En el 2015 se desarticuló la mayor red de pornografía infantil de España, con el epicentro en Barcelona y Tortosa y con ramificaciones en otros lugares. Este noviembre se celebró el juicio en la Audiencia de Tarragona, con tres de los principales responsables fugados, bajo la acusación de delitos continuados de corrupción de menores para producción y distribución de material pornográfico. Siete pederastas inmersos en una organización criminal que captó como mínimo a 103 menores para rodar centenares de videos adquiridos por casi 600 hombres en 45 países a lo largo de unos 15 años. Hasta aquí, las cifras conocidas. Las pruebas de un entramado que aunaba maldad intrínseca y desmedido afán de lucro, absolutamente amoral, con la circunstancia agravante que se aprovechaba de las circunstancias críticas de unos menores desamparados (algunos tutelados por la dirección general de Atenció a la Infància i l’Adolescència, DGAIA) para captarlos como víctimas, a cambio de pequeñas cantidades de dinero o de drogas.

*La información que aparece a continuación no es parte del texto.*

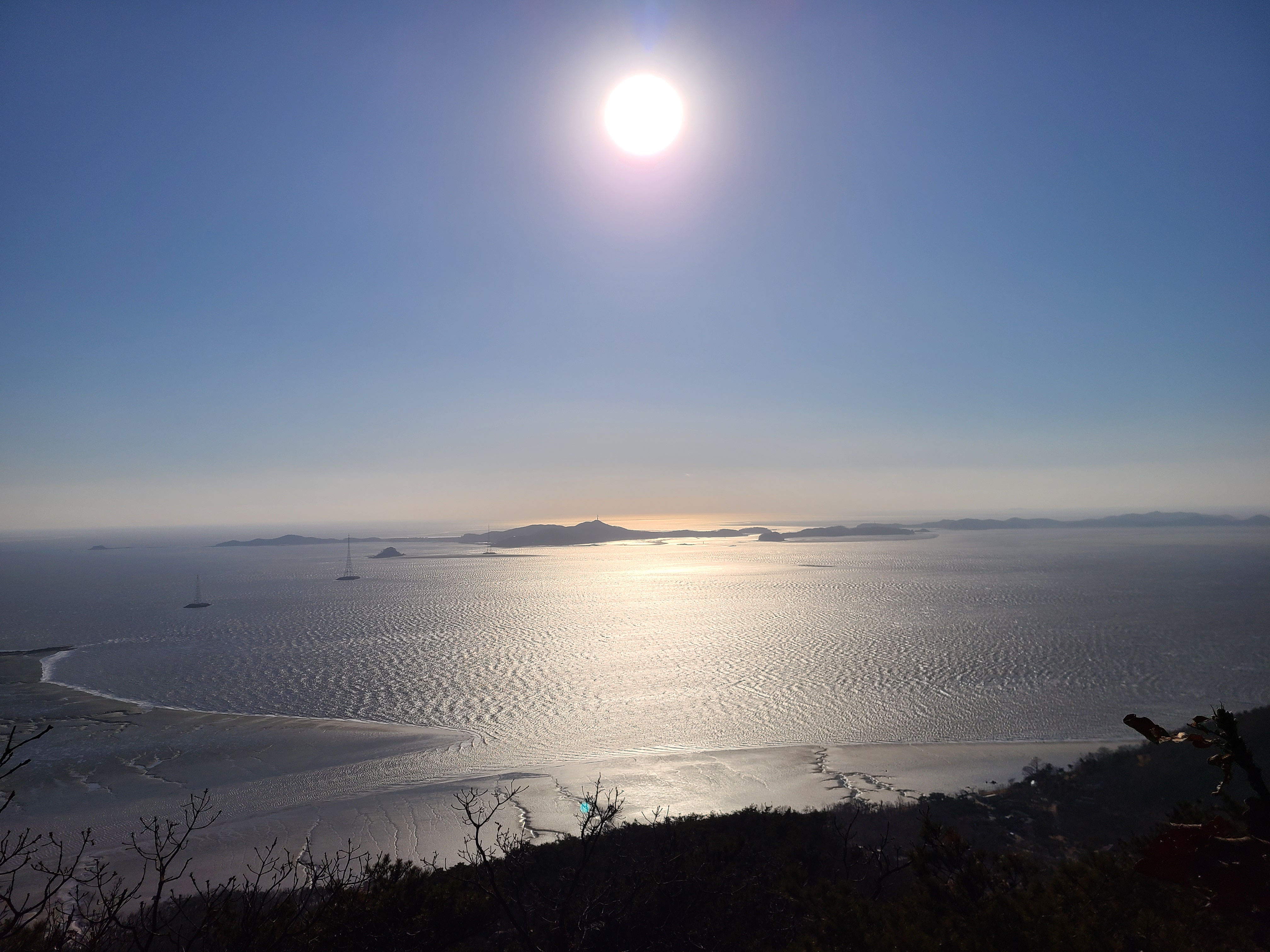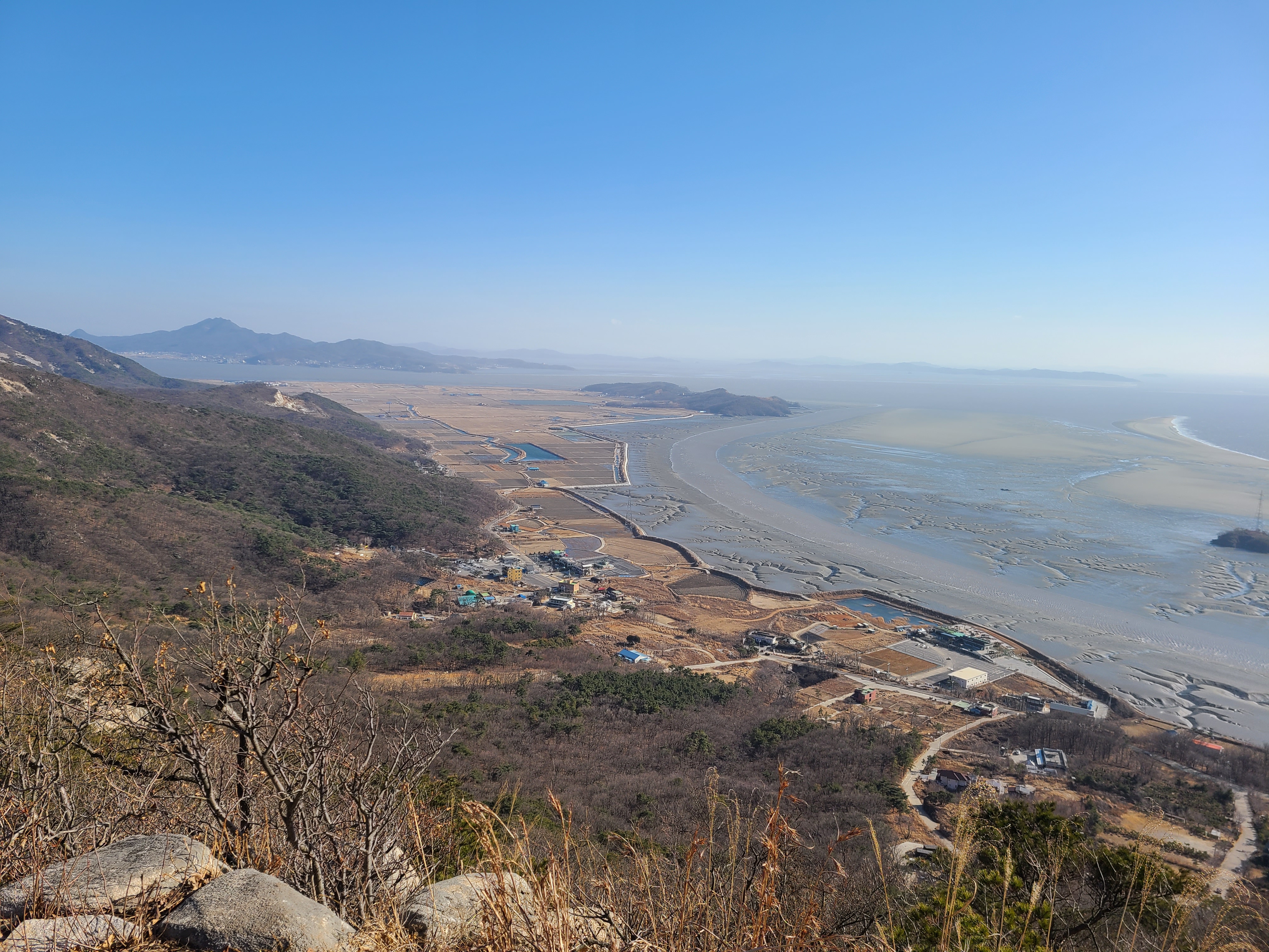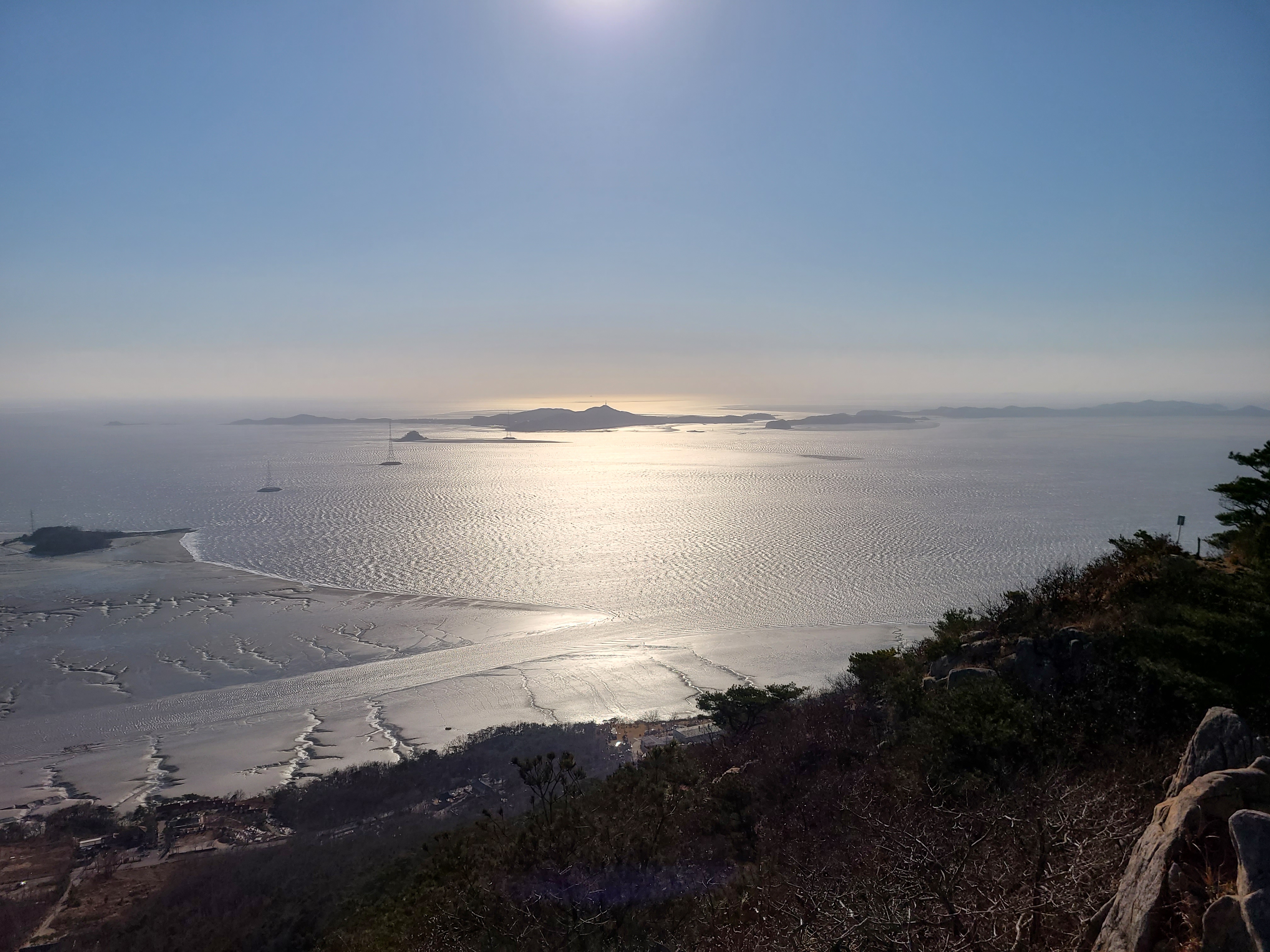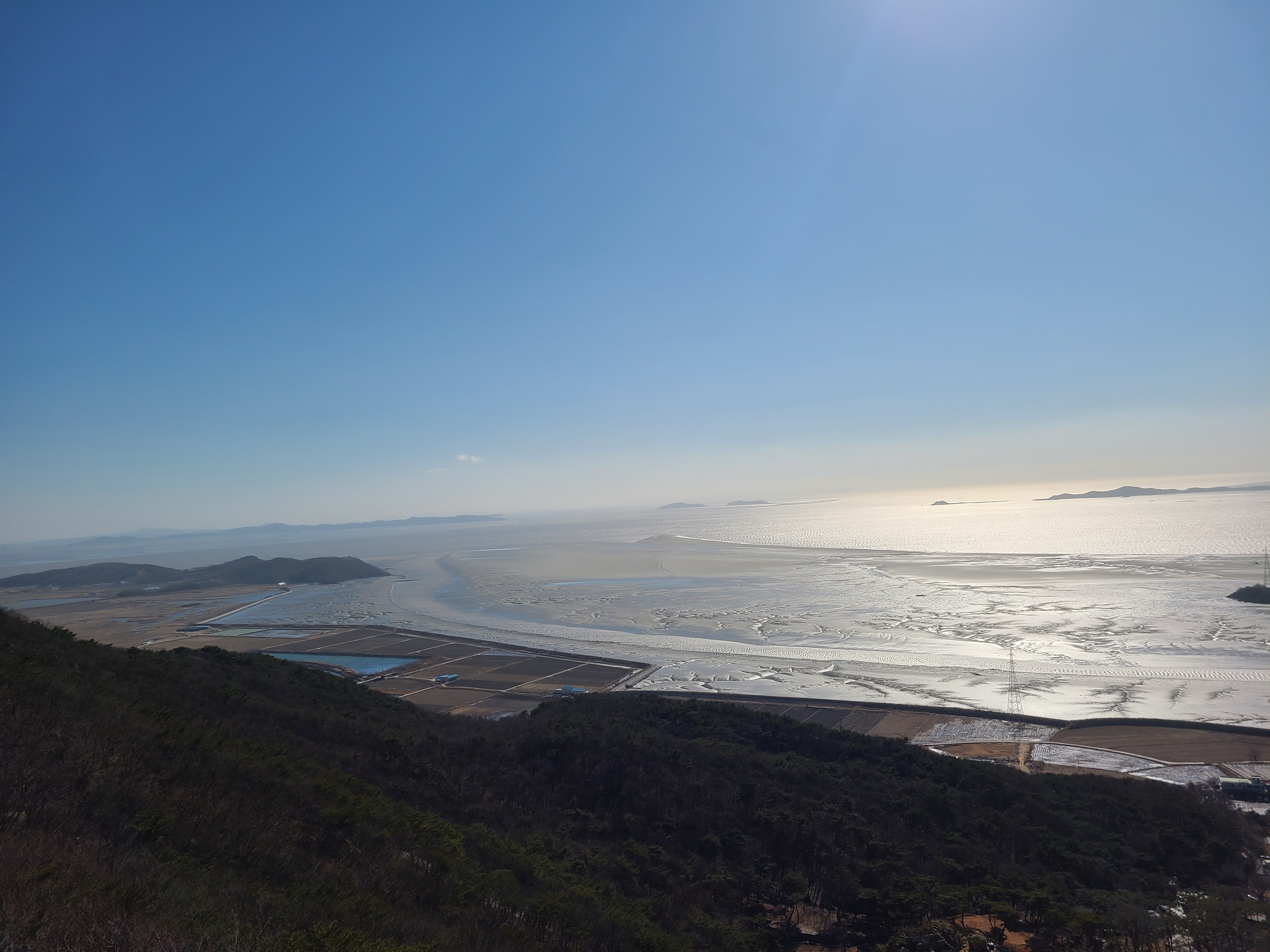 태양아래 반짝이는 서해바다와 갯벌을 바라보며 걷는 산길은 적당한 바람과 싸늘함에도 그리 추위를 느끼지않고

El infierno existe en la tierra y, en este caso, se localizaba en una casa en las afueras de Tortosa. Las primeras sospechas, sin pensar que se trataba de un caso de estas dimensiones, las puso en conocimiento de los Mossos la responsable de la DGAIA en les Terres de l’Ebre. A partir de allí, la acción conjunta de la policía, fiscalía e instituciones, permitió no solo una investigación por abusos sexuales sino el desmantelamiento del entramado criminal, gracias al buceo en la terrible cantidad de perversión, más de un millón de imágenes abominables que pasaban ante los ojos de los investigadores, y al establecimiento de conexiones que ahondaron en la esencia de la trama. Una labor incesante y demoledora para la conciencia de quienes se sumergieron en el estercolero. El daño a las víctimas es ya irreparable, pero el mérito de quienes acabaron con el abismo oscuro de la depravación es un canto a favor de la responsabilidad social y de las estructuras de la justicia. Para que nunca más vuelva a ocurrir.